Why are coffeeshops in Amsterdam called coffeeshops?

When traveling in most countries, if you ask someone for directions to the nearest coffeeshop, they’ll likely point you towards a cozy cafe where you can enjoy a warm beverage. However, things are a bit different in the Netherlands. In this country, if you ask for directions to a coffee shop, you’ll be directed to a completely different type of establishment - a place where you can purchase and consume weed or hash.

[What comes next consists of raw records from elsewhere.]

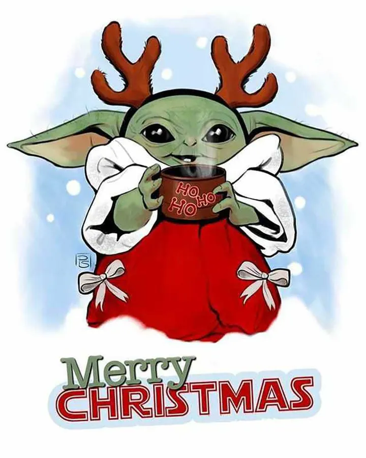 Cute Baby Yoda Christmas Drawing Wallpaper -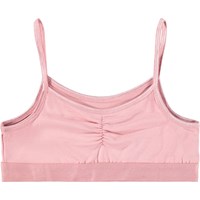 Roze ondergoed gemaakt van zacht en rekbaar viscose. Het topje heeft dunne elastische bandjes en een gerimpelde naad aan de voorkant die het topje een mooie pasvorm geeft. Zowel het topje als de slip hebben een brede elastische band voor een goede pasvorm en comfort.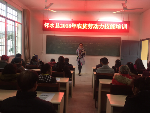 2018年1月25日,万象城刘丽娜老师受邻水县袁市镇人民政府邀请,前往袁市镇大光明村邻州田野教育学院,对贫困家庭劳动力进行了培训。 本次培训主要是提升贫困家庭劳动力的个人素质和制定职业生涯规划,共计四十一人参加了培训。为更好地提升贫困家庭劳动力技能水平,实现和稳定农村家庭劳动力就业,增加贫困家庭收入做出了贡献。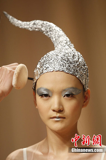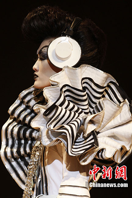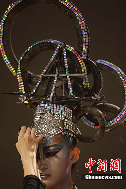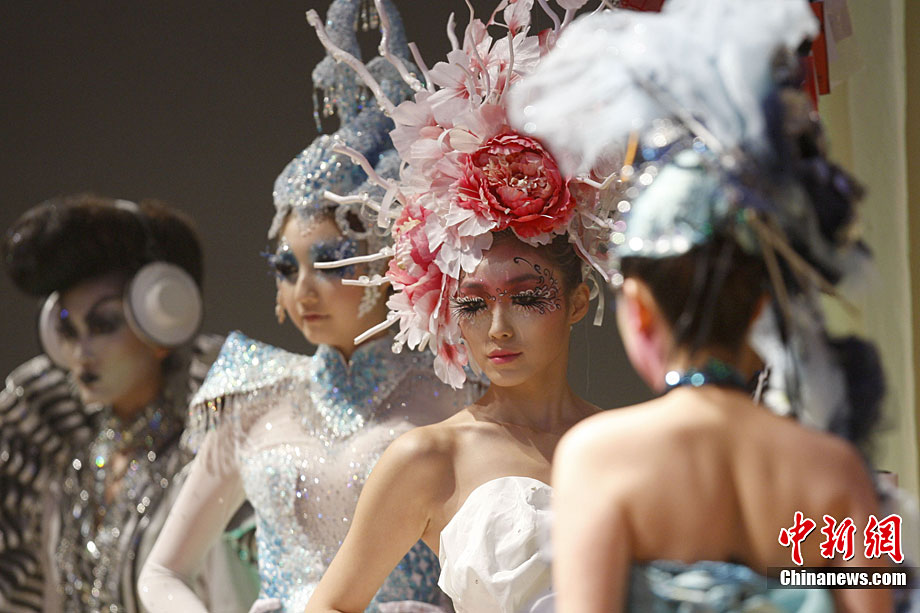 10月25日晚,第六屆“美麗盛典”中國國際時裝周彩妝造型設(shè)計大賽在北京798藝術(shù)區(qū)舉行。本屆“美麗盛典”大賽以“都市”為主題,來自中國和韓國的12位造型師與36位模特合作展示了精彩彩妝造型。中新社記者 盛佳鵬 攝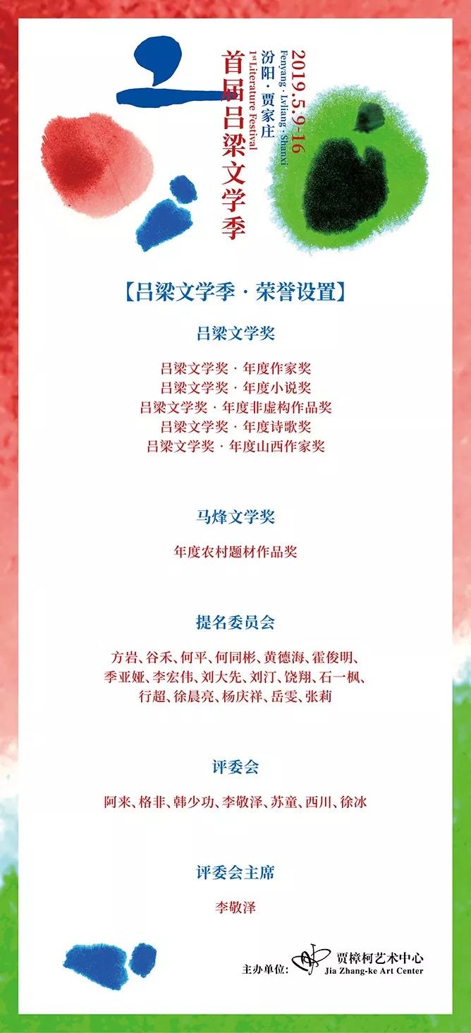 4月8日,由贾樟柯艺术中心主办的吕梁文学季于北京举办新闻发布会,正式公布首届吕梁文学季将在2019年5月9日至5月16日期间,于山西吕梁汾阳贾家庄举办,这也是在乡村举办的为数不多的当代文学活动。本届吕梁文学季同时于临县碛口古镇设立分会场。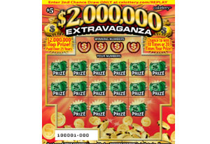 The “$2,000,000 Extravaganza” Scratchers ticket costs $5 and offers 15 $2 million prizes, which are paid out over 25 years. Tickets are available at more than 21,000 Lottery retailers throughout the state. That particular game just debuted last month and two of the 15 prizes have been claimed, Kell said.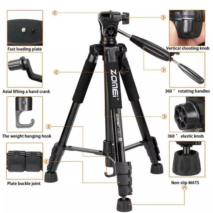 ZOMEI Q111 Profesional Tripod Portable for Kamera DSLR Mirrorless Video Camcorder dan Hp Smartphone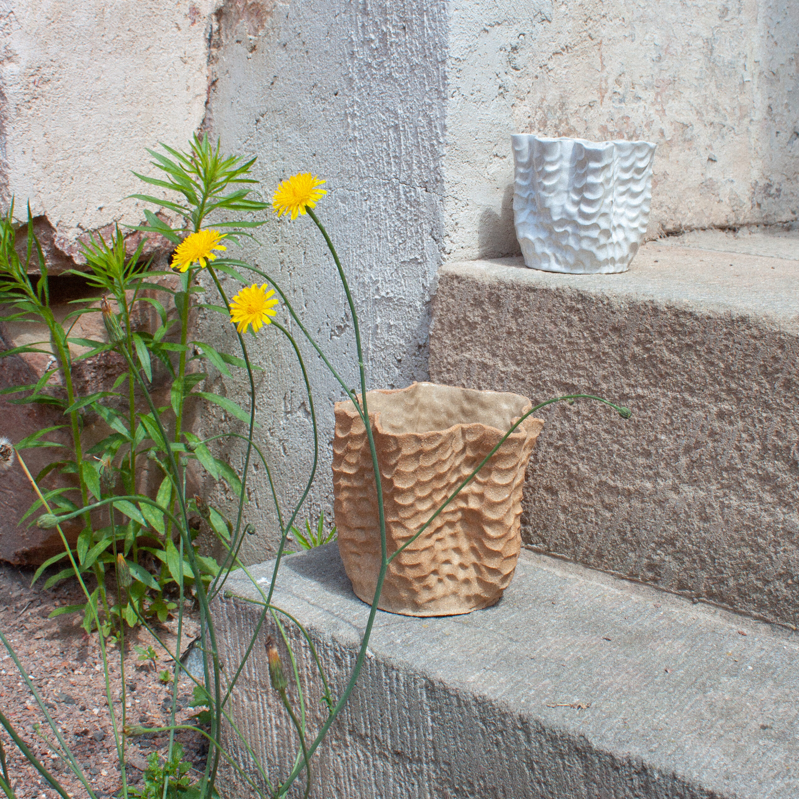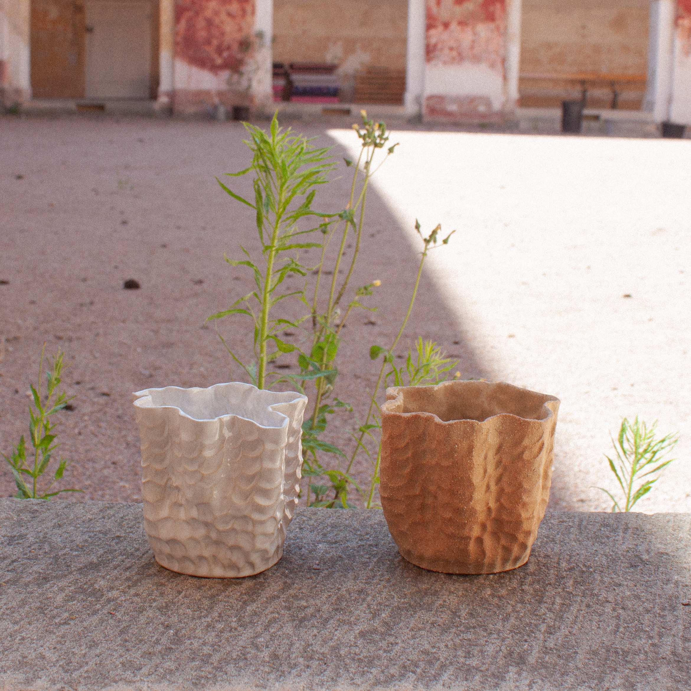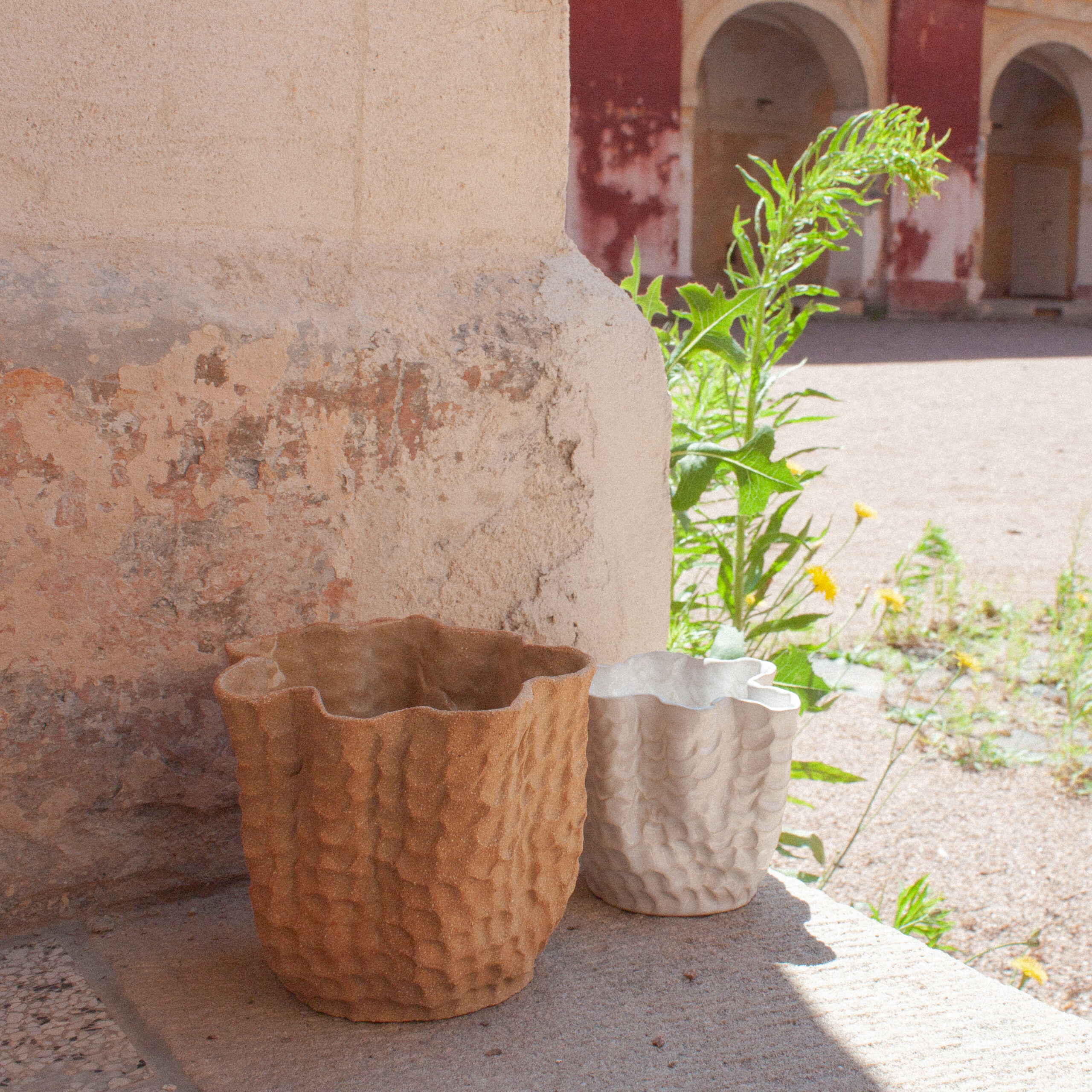 Šamotový obal na květináč, uvnitř glazovaný transparentní glazurou, je určený pro rostliny v květináči s průměrem 6 cm.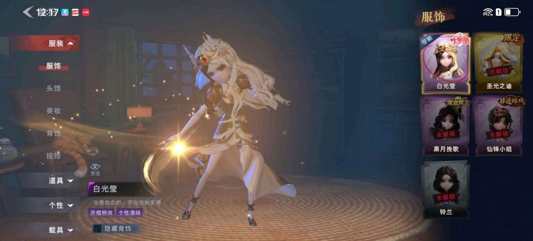 装备描述:【紫色皮肤】零-搬开山、零-赤炼将军、薇薇安-白光莹、逍遥-泽引山海、爱丽丝-丝缕哀歌 【道具皮肤】转轮手枪-新星时代、急救包-蔷薇物语、铲子-焰骨 【头饰】鱼头怪头套、烈焰红唇头套、面具马头套、哈士奇头套、萨卡班甲鱼头套、嘻嘻头套、滑稽头套、呆滞头套、卑微头套、鳄霸天头套、驼半仙头套、咬咬鲨头套、炙热烧烤、粽小宝头套、像素朋克墨镜、哞哞牛头套、后室幸存者头套 【挂饰】小小玛丽、天使消失的年代 【动作】心跳摇、小雨摇、舞台中心、星奇摇、敲门舞、痞帅进行曲、举牌、抬手、旋转舞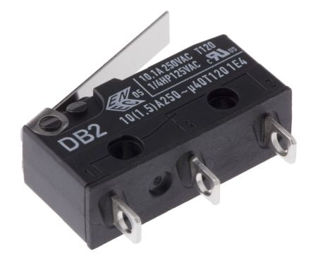 SPDT-NO/NC Short Lever Microswitch, 10.1 A @ 250 V ac [DB2C-A1LB]; 290-0435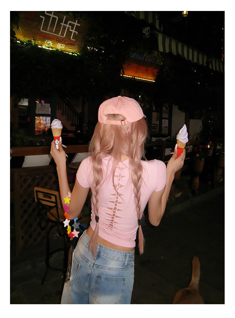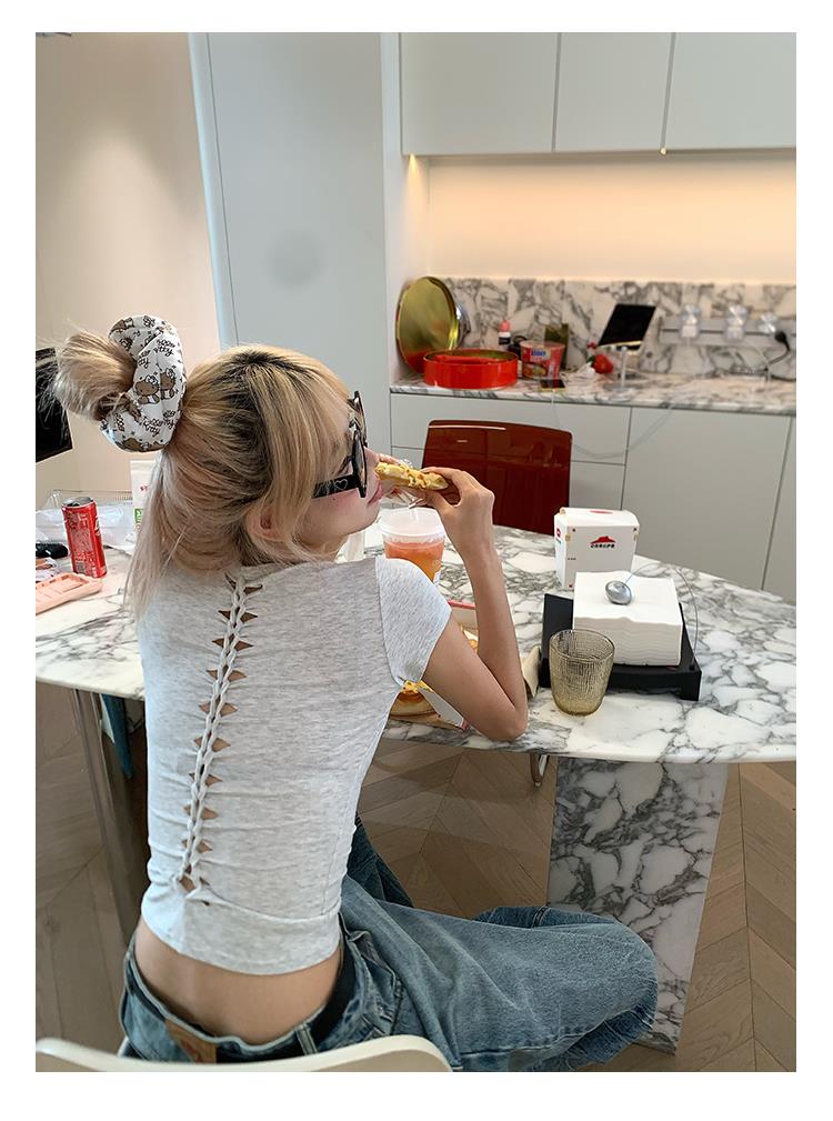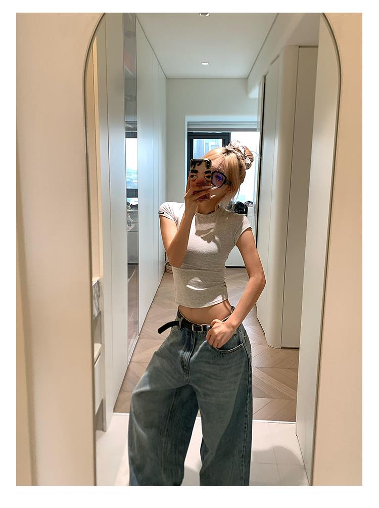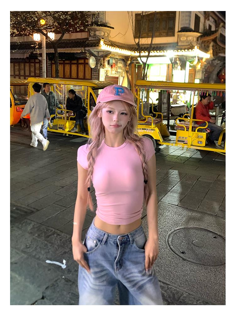 猎奇原创夏季美式纯欲正肩修身短袖T恤女辣妹基础款圆领紧身短上衣

The origins of the term “coffeeshop” in Amsterdam can be traced back to the 1970s. Mellow Yellow, a ‘‘coffee house’’, was situated within an antiquated bakery. Customers could drink a cup of coffee. The place was full of dealers, disguised as patrons. They did their business in the lounge. And everyone know this was the main reason for a visit. These early cannabis-selling establishments were often referred to as “tea houses” or “coffee houses,” but the term “coffeeshop” eventually became more popular. 

Illegal distribution

Amsterdam’s local government initially attempted to curb the illegal distribution of cannabis within the city, but their efforts proved to be futile. Eventually, they adopted a policy of “tolerance” known as “gedoogbeleid” in Dutch. Mellow Yellow, the pioneer coffee shop, was granted the first license, which many others later followed. These coffee shops were allowed to sell marijuana, even though it was technically against the law, as long as they adhered to strict regulations imposed by the government.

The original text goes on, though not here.